In a world where health and fitness is becoming an increasingly important concern, more and more people are showing interest in the capabilities associated with antioxidants. With the power to counteract damaging, harmful, and unwanted processes within the human body, antioxidants are responsible for supplying vital nutrients (vitamins and minerals), which work to improve overall health.
Antioxidants additionally play an important role in maintaining a healthy diet and enhancing the physique. Many individuals are also interested in using such substances to prevent the onset of common chronic diseases, such as cancer, heart disease, arthritis, and stroke. To gain a wealth of health advantages, boost overall health, and prevent the unwanted effects associated with the oxidation of other molecules, you may want to direct your attention to the most commonly known antioxidants, such as vitamin C, vitamin E, selenium, and beta-carotene.
Associated Benefits of Antioxidants
While antioxidants are linked to strengthening the defense against the development of certain illnesses and disease, these substances are also connected to combating the visible effects of aging. For instance, many people take antioxidant supplements in hopes of stretching their life expectancy, as antioxidants are believed to lessen the damage caused by a variety of natural aging processes including the deterioration of bone, worn-out organs, and a weakened immune system.
Additional health benefits associated with antioxidants include combating the damage caused by smoking tobacco, providing a boost in immunity, and preventing the degeneration of the eyes.
Recommended Daily Values
In order to supply the body with a healthy dose of antioxidants, it is important to adhere to the recommended daily allowances (RDA) suggested by the government. Within these recommendations, there are also upper intake levels a person may consider.

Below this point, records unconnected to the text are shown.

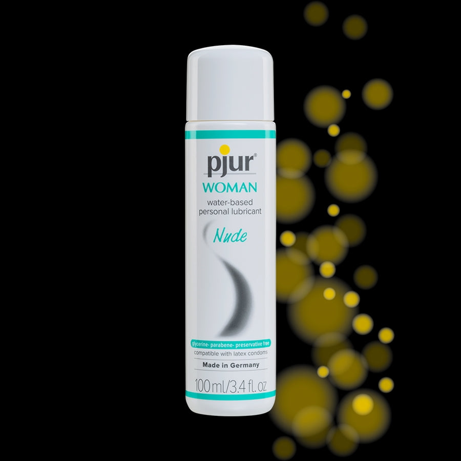 pjur WOMAN Nude: Neutral, water-based premium lubricant without additives - designed especially for soft and sensitive female skin. Preservative free - glycerine free - free from parabens - oil free and non greasy - fragrance free - odorless and neutral in taste - highly concentrated - skin and mucous membrane compatibility dermatologically confirmed - moisturising - leaves a silky smooth feeling - nurtures and protects dry and stressed skin / mucous membrane - suitable for use with latex condoms - not a contraceptive - for everyday use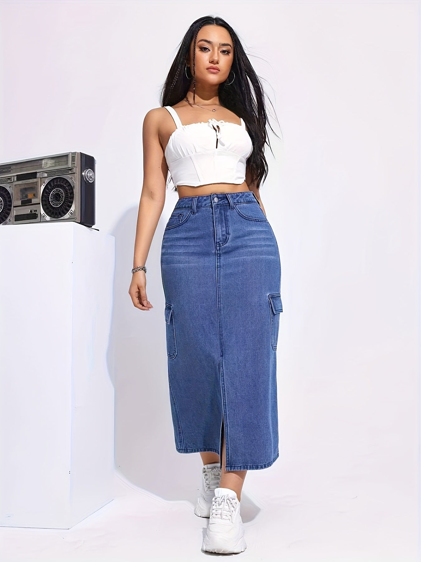 Presentamos la falda vaquera elástica de cintura alta para mujer, una combinación perfecta de estilo y comodidad. Confeccionada en 75 % algodón con elasticidad media, esta falda larga presenta un moderno diseño de abertura y prácticos bolsillos, lo que la convierte en la opción ideal para salidas informales de primavera, verano y otoño.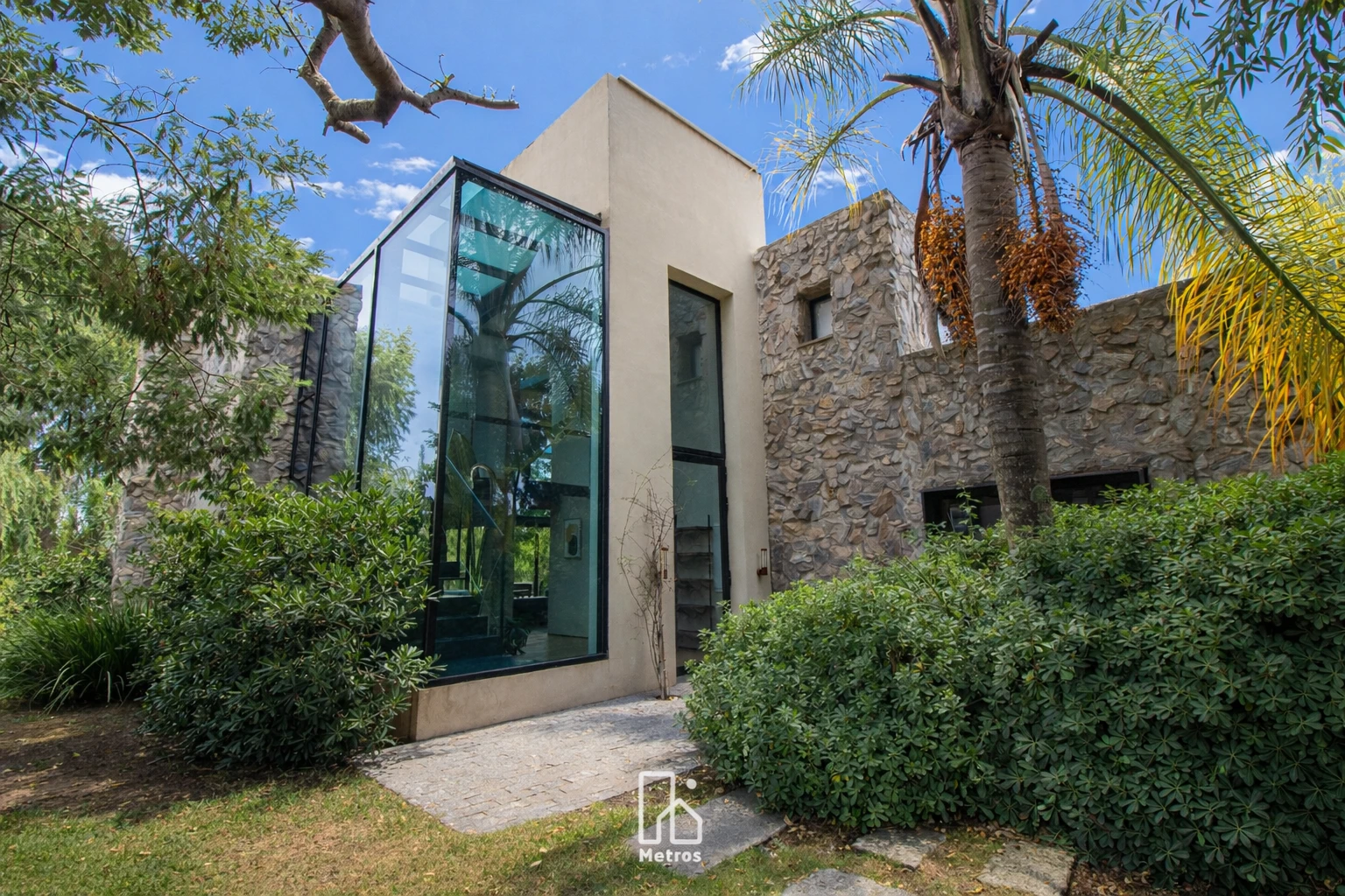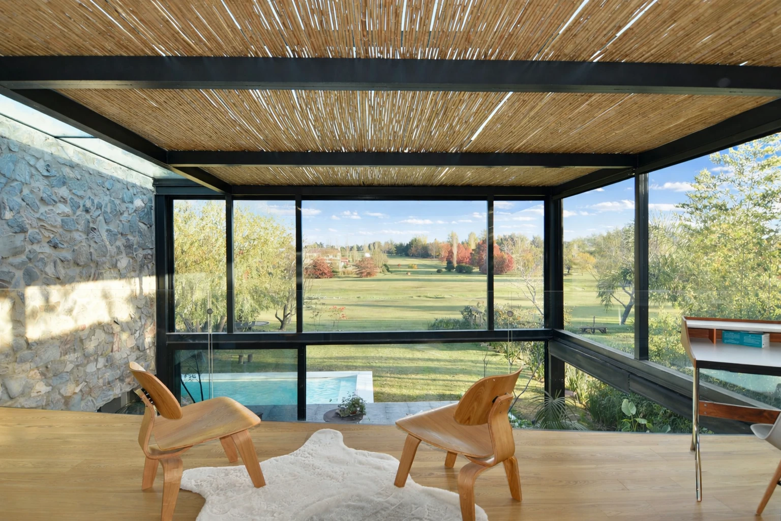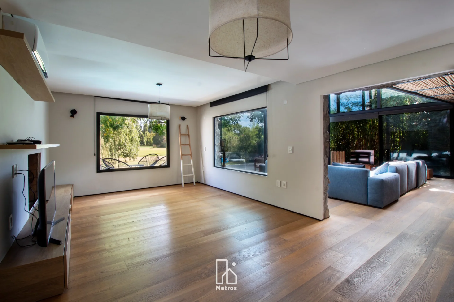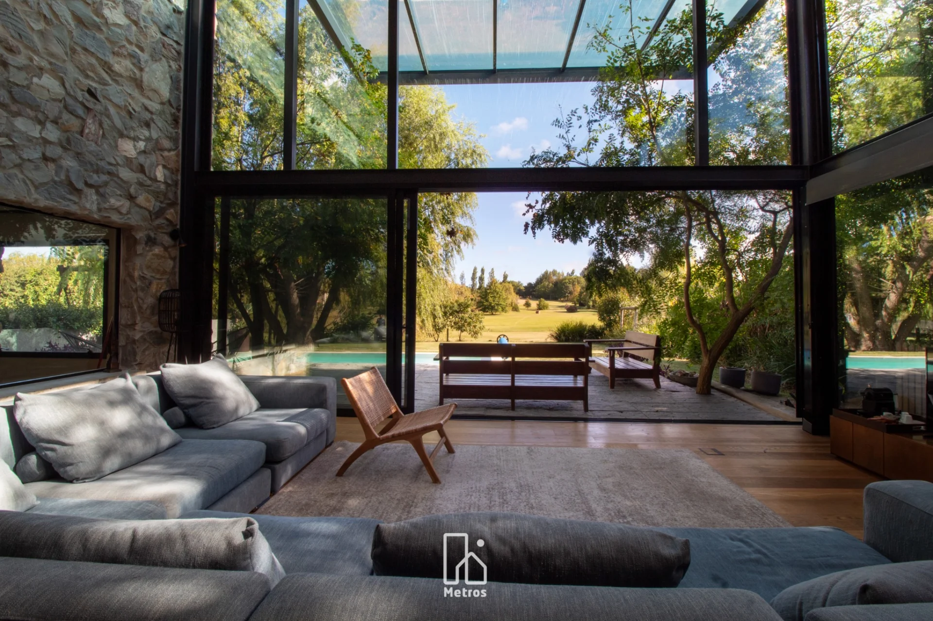 Se encuentra un estar con estufa a leña y un amplio living principal de doble altura. Las grandes aberturas de piso a techo permiten integrar completamente el interior con el deck exterior en piedra natural, donde se ubican la piscina climatizada con cascada y el jardín con una amplia vista verde de los campos de golf.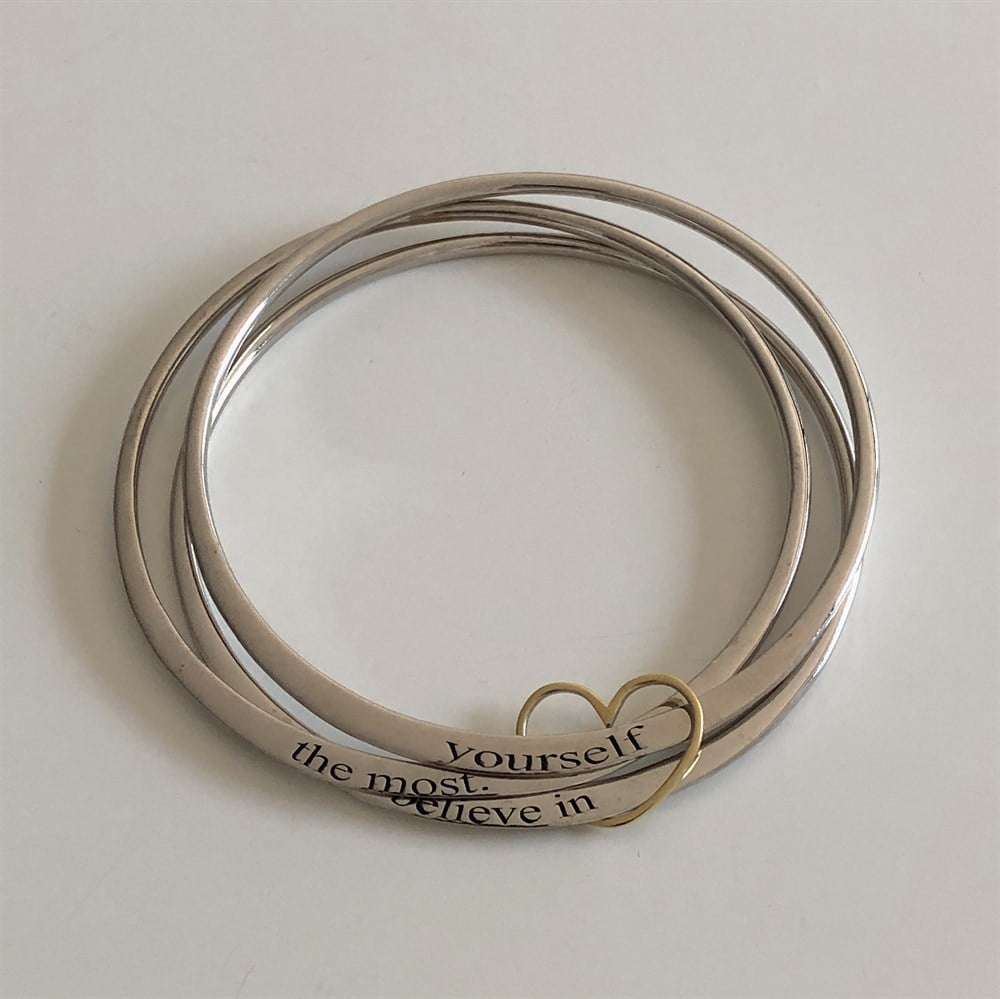 3 bileklik+1 kalp fiyatıdır. ''believe in yourself the most.'' örnek olarak yazılmıştır. Her üç kelepçeye dilediğiniz sayı-isim-kelime-harf-tarihi yazdırabilir ya da sembolü çizdirebilirsiniz. Renk olarak GOLD-ROSE-SILVER seçeneklerine bağlı kalarak dilediğiniz rengi dilediğiniz kelepçe ya da kalp için seçebilirsiniz. Ok roses tasarım ürünü kendi istekleriniz ile dahada güzel hale getirip anılarınızı ölümsüzleştirin diye oluşturulan ''sipariş notu'' kutucuğunu özgürce doldurabilirsiniz.

It is important for users to approach upper levels with caution, as higher amounts of these substances may lead to bodily harm.
The RDA suggests taking 15mg of vitamin E with upper levels reaching 1,070 mg (natural) and 785 mg (synthetic). Increased amounts of vitamin E are known to carry the risk of impairing blood clotting and amplify the chances of one suffering a hemorrhage.
The RDA recommends taking 75 mg (women) and 90 mg (men) of vitamin C with upper levels of 2,000 mg. High amounts of the vitamin are known to cause diarrhea and other intestinal disorders in users. Abusing this particular vitamin may also lead to cancer. While there are no recommendations for beta-carotene, this type of antioxidant is responsible for turning the skin a yellow-orange tint when taking high amounts. Fortunately, this side effect is not considered toxic. The RDA suggests taking 55 micrograms of selenium with an upper level intake of 400 micrograms. High doses of selenium are associated with hair loss, skin rashes, and fatigue.
Those interested in receiving a satisfying amount of antioxidants often take dietary supplements, multi-vitamins, and/or eat a balanced diet filled with at least five servings of fruits and vegetables. Vitamin E is found in vegetable oils, leafy green vegetables, avocados, olives, almonds, peanuts, and walnuts, while selenium-containing foods include seafood, pork, chicken, brown rice, whole-wheat bread, and beef.
Prime candidates for consuming beta-carotene includes squash, sweet potatoes, spinach, apricots, and pumpkin. Citrus fruits are known to provide an ample amount of vitamin C, such as oranges and grapefruit. Additional vitamin C suggestions include potatoes, peppers, tomatoes, and strawberries.